E quella ragazza, capelli color nocciola, occhi di un azzurro ghiaccio, parlata sciolta e sorrisi brillanti, corrispondeva in pieno ai suoi canoni.
Se la poteva permettere: anche lui soddisfaceva in pieno tutti quei punti indispensabili per una buona relazione tra umani.
Talasia. Un nome così musicale, dal retrogusto antico... se ne era innamorato fin dall'inizio.

Sospirò con evidente compiacimento, sperando che la sbadataggine di cui a volte si macchiava non emergesse perché con una ragazza intelligente la semplice bellezza, che lui usava indiscriminatamente come arma, non avrebbe funzionato.
Ah... la Cecenia... i problemi in Afghanistan... tutti quegli argomenti, pronunciati da quella bocca sottile con un velo di rossetto, sembravano incredibilmente seducenti.
“Per quanto riguarda...”

Squillò il cellulare. Oh, l'inno alla gioia di Beethoven.
Non era il suo.

Calò il silenzio tra i due. Ray, con un leggero sorrisetto, scrutò la sua fantastica ragazza distendersi in un sorriso imbarazzato.

“Scusa, rispondo un attimo.”

Fai pure cara. Prenditi tutto il tempo del mondo, io mi sazierò contemplandoti.
Non glielo disse ma evidentemente recepì il messaggio perché prese il cellulare da una borsetta nera, molto sobria, e lo avvicinò all'orecchio.
“Pronto?” la sentì dire.

Ray Nethew non avrebbe mai saputo l'argomento della conversazione, chi ci fosse dall'altro capo del telefono e tanto meno il perché la sua compagna di serata lo stesse fissando con un sorriso irrigidito sul volto pallido.

Sorrideva per non urlare. Per non ribaltare il maledetto tavolo e imprecare contro la maledetta sfortuna che, una volta che tutto andava per il verso giusto, si metteva contro di lei.

“Si, cosa c'è?” chiese ancora, sperando di non aver scambiato il suo respiro roco per un altro.
“Muoviti sanguisuga se non vuoi raccogliere la mia pelliccia per strada.”

Perfetto. La sua serata era ufficialmente rovinata.
“Davvero mancano ancora dei moduli da compilare? E' indispensabile? Si...”

Prima che il suo interlocutore potesse aggiungere qualcos'altro richiuse il cellulare fissando un istante Ray, capelli color paglia, riccioli scombinati tenuti domati da un taglio corto e occhi verdi.
Lui la guardava a sua volta, con una certa aspettativa.
“Ehm... la mia segretaria.”

Ray non aveva il super udito e non poteva aver sentito la voce profonda, sicuramente di un uomo, con cui la sua ragazza parlava.
“Devi andar via?” chiese quasi in un filo di voce.
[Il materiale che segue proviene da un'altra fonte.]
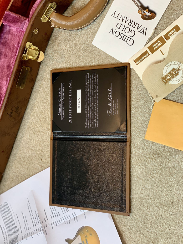 This is another fantastic deal: this is an ABSOLUTE MINT GUITAR and it comes with all its papers, hang tags, certificate and immaculate original hard case! This is the 2018 model 58 (R8) Reissue! Seriously! As it’s certificate says: “it’s completely hand built by some of the finest luthiers on the planet”

Talasia annuì con evidente rammarico: “Si... mi spiace, davvero! Ma i moduli, sono urgenti e... mi ucciderà se non vado.”

Si alzò in piedi, il vestito nero coi tacchi alti di un'eleganza che non stonava, quasi discreta, i capelli che ondeggiavano inquieti ai suoi movimenti rapidi.
Come se dalla compilazione di quelle carte dipendesse il destino del mondo...
Talasia gli schioccò un bacio sulla guancia per poi allontanarsi passando tra i vari tavoli riccamente imbanditi, mentre la gente la guardava un po' stupita per quella che ai loro occhi sembrava una fuga in piena regola.

Ray sospirò, appoggiando una mano sulla guancia e facendo ondeggiare il bicchiere contenente il vino che gli costava almeno un quarto del suo stipendio d'agente.
Un cameriere gli si avvicinò con due piatti contenenti una raffinata mousse ai funghi per poi arrestarsi e guardarlo esitante:
“Devo far ritornare indietro il piatto monsieur?”

Ray alzò lo sguardo, un po' perso, e con un gesto annoiato della mano rispose:
“No, lascia il mio. Mangerò da solo.”
Che tristezza. Le ragazze e intelligenti tendevano troppo spesso a fuggire.

*°*°*°*

Percorse i primi metri per strada con i tacchi saldamente ancorati ai piedi ma ben presto divennero troppo scomodi. Quando sarebbe giunto il momento di combattere sarebbero stati un peso inutile.
Si arrampicò con velocità su di un muro, sperando che nessuno passasse di lì in quel momento, giungendo sui vari tetti anonimi e piuttosto squallidi del quartiere immediatamente confinante con la zona nella quale avevano cenato.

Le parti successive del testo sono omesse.